1) The people who can “turn the dial” are not you

To use H-neurons as a live detector, you need access to internal activations. With most hosted APIs, you do not get that. The vendor does.

So this line of research quietly widens a gap:

• Open-weights users can instrument models and experiment with neuron-level controls.

• API renters get whatever truth policy, warning policy, and refusal policy the vendor chooses.

That becomes a power lever, even if nobody says it out loud.

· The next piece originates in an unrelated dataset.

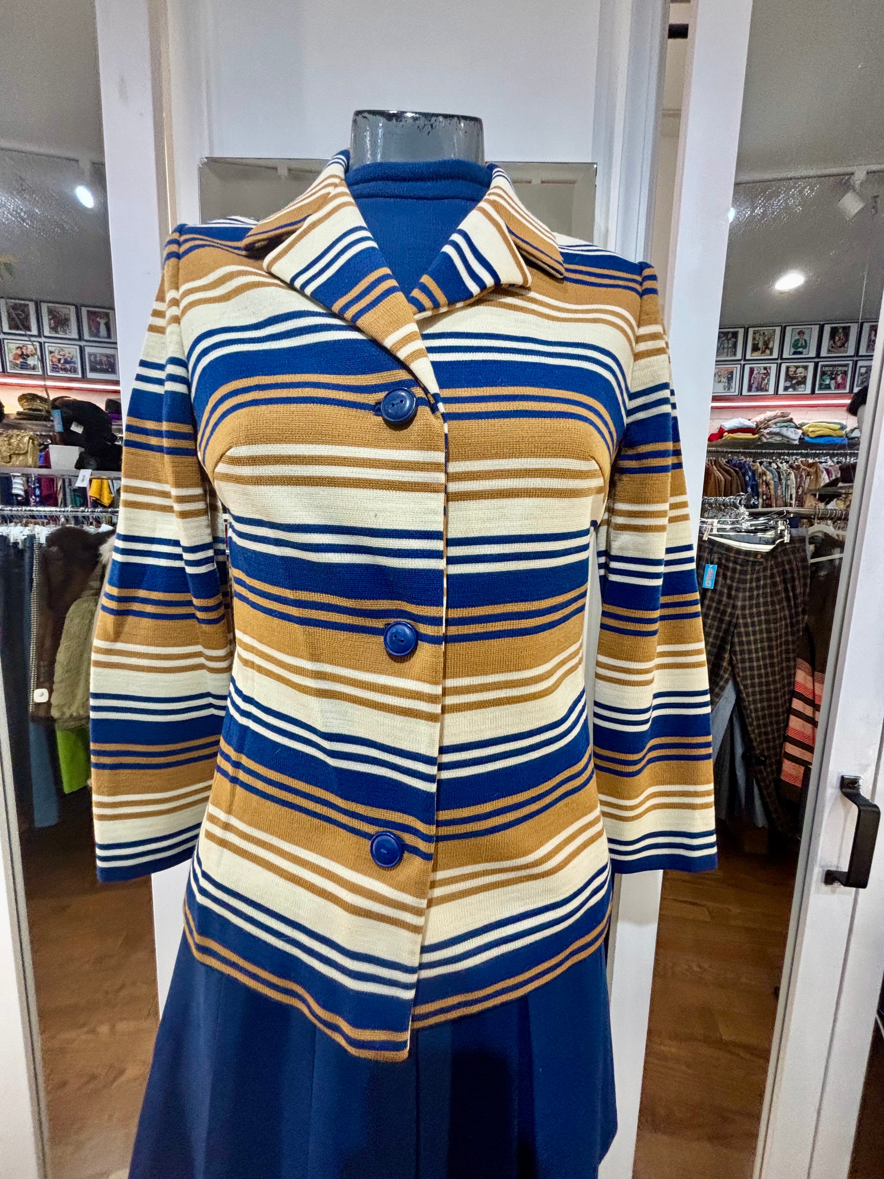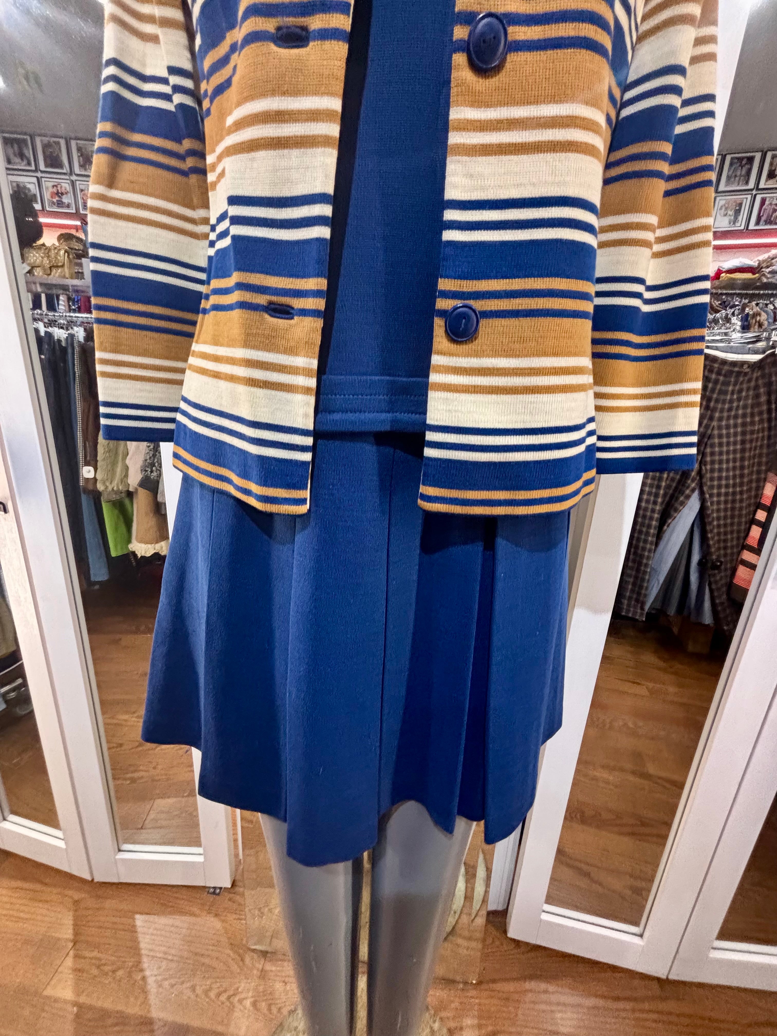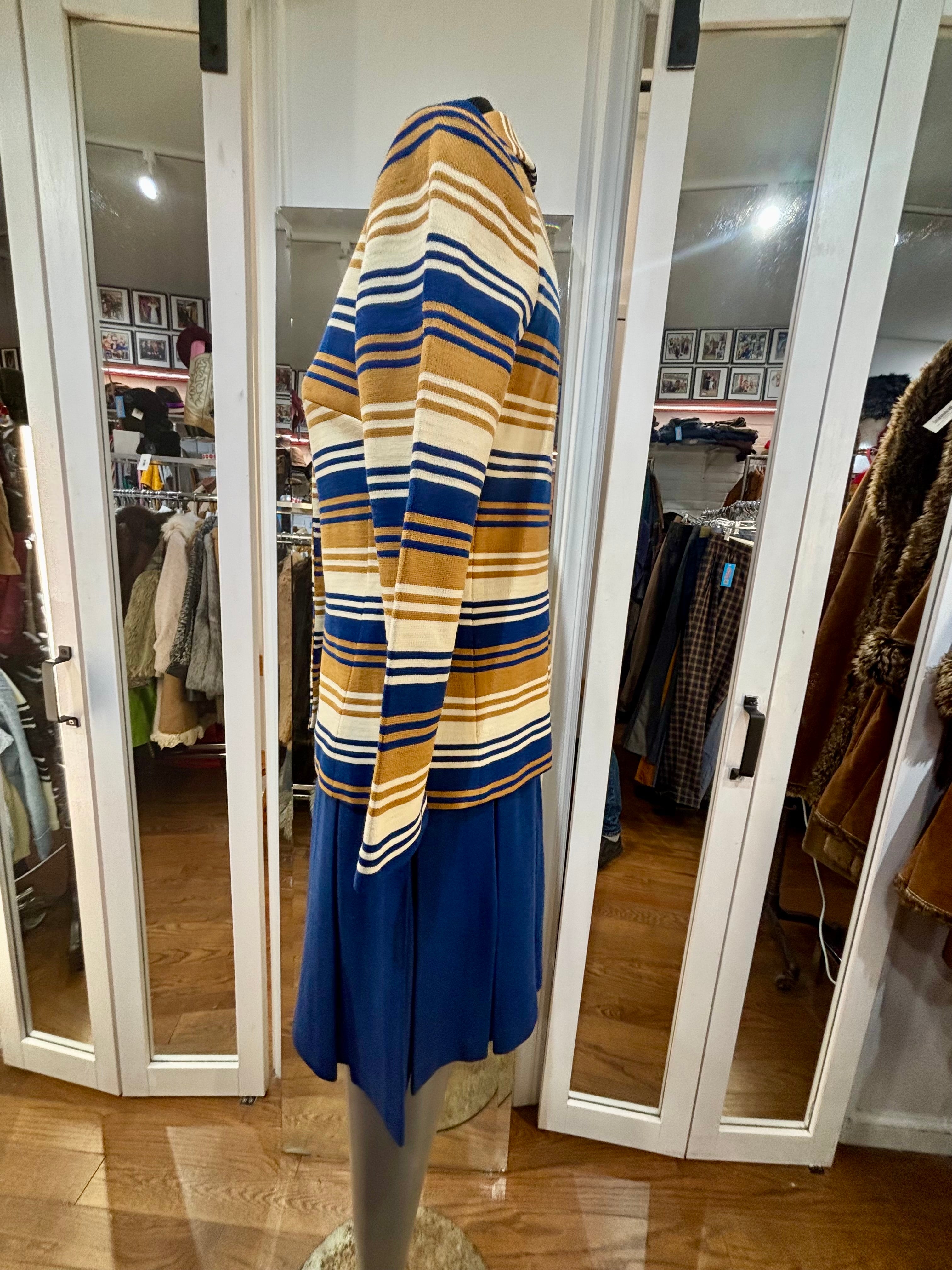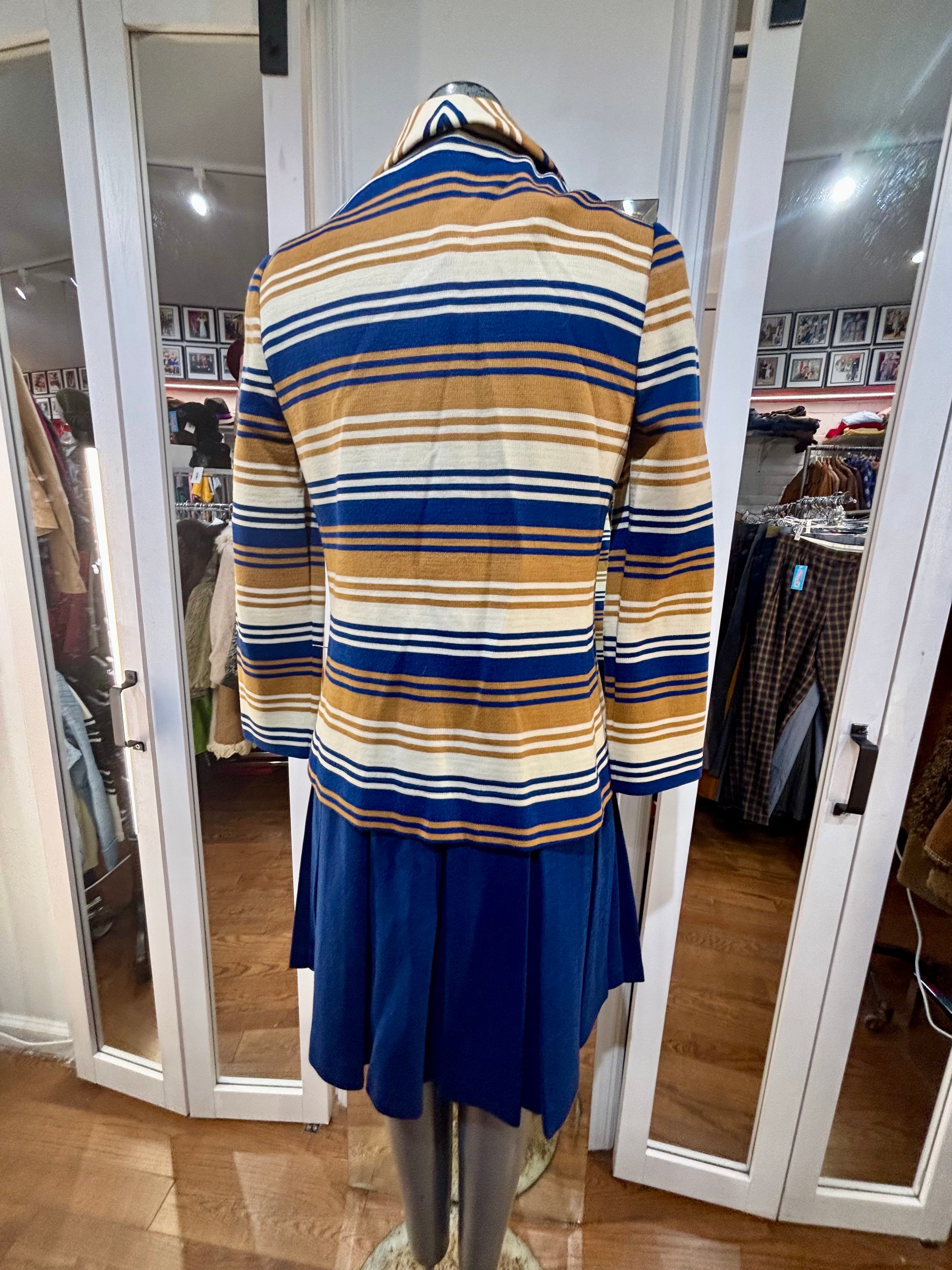 60’s Navy And Multicolor Stripe Jacket And Dress Set By Butte Knit

2) “Hallucination reduction” can become a gatekeeping excuse

Once you can point to a measurable internal risk signal, the next step is predictable: mandatory monitoring, mandatory logging, and mandatory intermediation “for safety.”

Real-world example: Italy’s antitrust authority closed a probe into DeepSeek after it committed to clearer hallucination warnings, according to Reuters on January 5, 2026.

A warning label can be reasonable. A warning label can also become a compliance regime, especially if it is coupled to auditing requirements and platform liability shields.

3) The same knob touches jailbreak behavior

The paper reports that amplifying H-neurons increases susceptibility to jailbreak prompts.

That means the vendor can plausibly claim: “We must centrally control this knob to keep the model safe.” Sometimes they will be right. Sometimes it will be cover for tighter permissioning.

Either way, the practical takeaway is the same: control follows the weights.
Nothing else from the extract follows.